Reducing violence for adolescents and their parents in three disadvantaged communities in North India: a pilot implementation study of the Parwarish (PLH-Teens) parenting programme
Kaaren Mathias, Pooja Pillai, Prabhudutt Nayak, Pratibha Milton Singh, Miguel San SebastianObjectives
To evaluate the pilot implementation of Parwarish (Parenting for Lifelong Health–Teens) programme on reducing violence against adolescents and improving parenting practices, mental health, gender attitudes, resilience and financial coping among families in disadvantaged communities in North India.
Design
Pilot implementation study using a pre-post study design.
Setting
Community-based implementation in three disadvantaged settings in North India, including urban informal settlements, rural agricultural areas and remote tribal communities.
Participants
A total of 239 adolescents (aged 12–18 years) and 478 parents from 239 families were recruited using purposive and snowball sampling; all participants completed baseline assessment, with follow-up conducted within 6 weeks after intervention completion.
Interventions
A 14-week group-based parenting intervention delivered weekly in community settings, focusing on communication, problem-solving, non-violent discipline and financial management, facilitated by trained community members.
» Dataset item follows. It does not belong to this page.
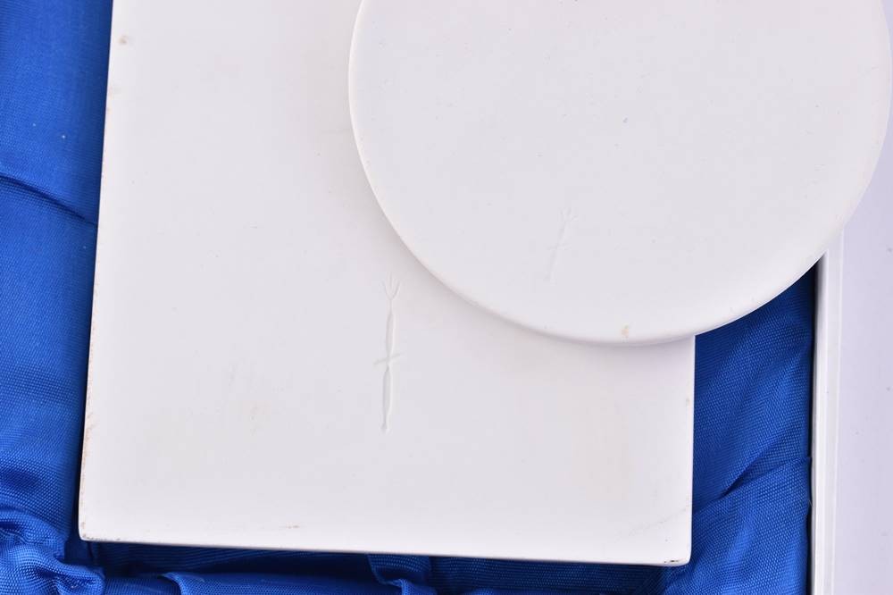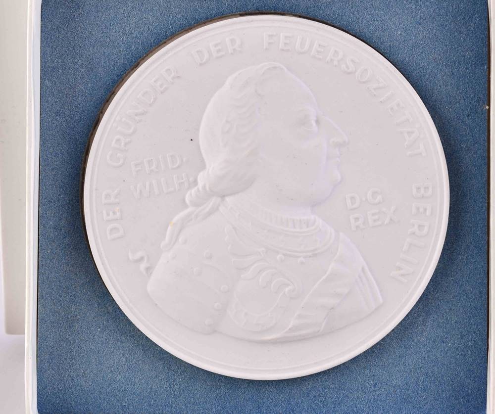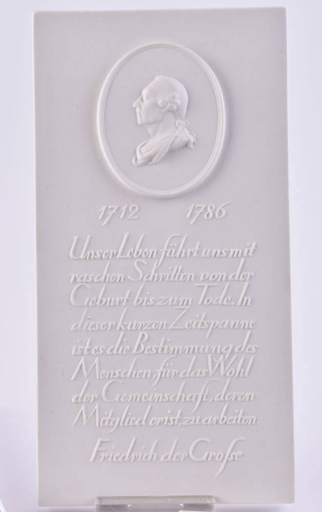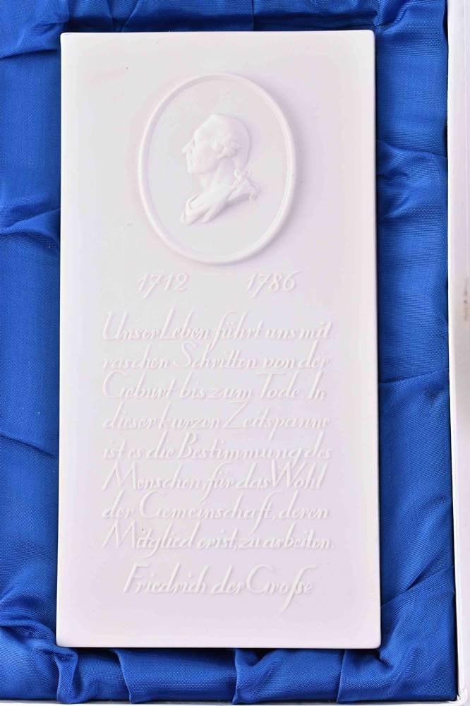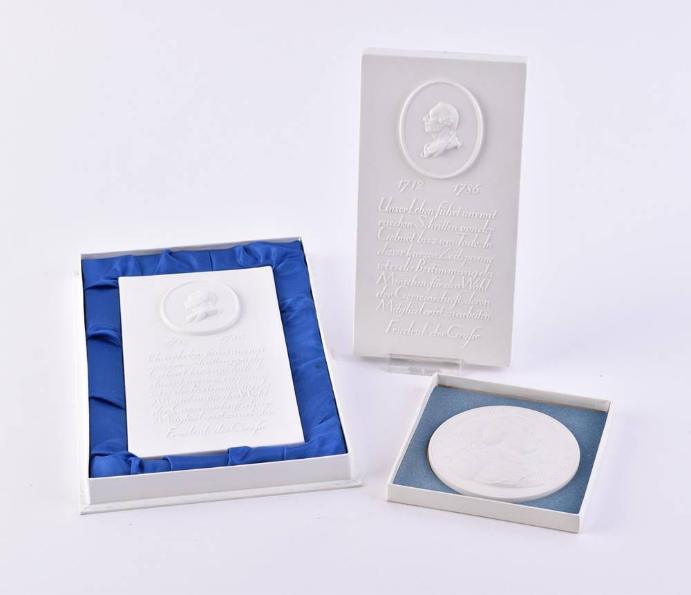 Porzellan, Darstellung Friedrich der Große, 2x rechteckig (17,3 cm x 9 cm x 1,2 cm), 1x rund (Ø 8 cm ), gepresste Zeptermarke, 1. Wahl

Primary and secondary outcome measures
Primary outcomes were parent and youth-reported maltreatment. Secondary outcomes included parenting practices, adolescent behaviour, mental health, resilience, gender-equitable attitudes and financial coping.
Results
Significant improvements were observed across all outcomes. Among adolescents, positive parenting increased (β=13.7; 95% CI 12.43 to 14.98), youth behaviour improved (β=9.12; 95% CI 8.11 to 10.13), resilience increased (β=9.53; 95% CI 8.19 to 10.86) and harsh discipline decreased (β=−8.69; 95% CI −10.45 to −6.94). Among parents, positive parenting improved (β=10.6; 95% CI 9.43 to 11.85), youth behaviour improved (β=11.11; 95% CI 10.20 to 12.02), harsh discipline decreased (β=−10.60; 95% CI −12.23 to −8.96) and financial coping improved (β=−4.97; 95% CI −5.98 to −3.97).
Conclusions
This low-cost, community-delivered pilot implementation of the Parwarish intervention was associated with improvements in parenting practices and in mental health and resilience among adolescents and parents. While causal inference is limited by the study design, the findings support further evaluation using controlled designs. It suggests potential for scale-up in similar low-resource settings.
Trial registration number
ACTRN12622000858796.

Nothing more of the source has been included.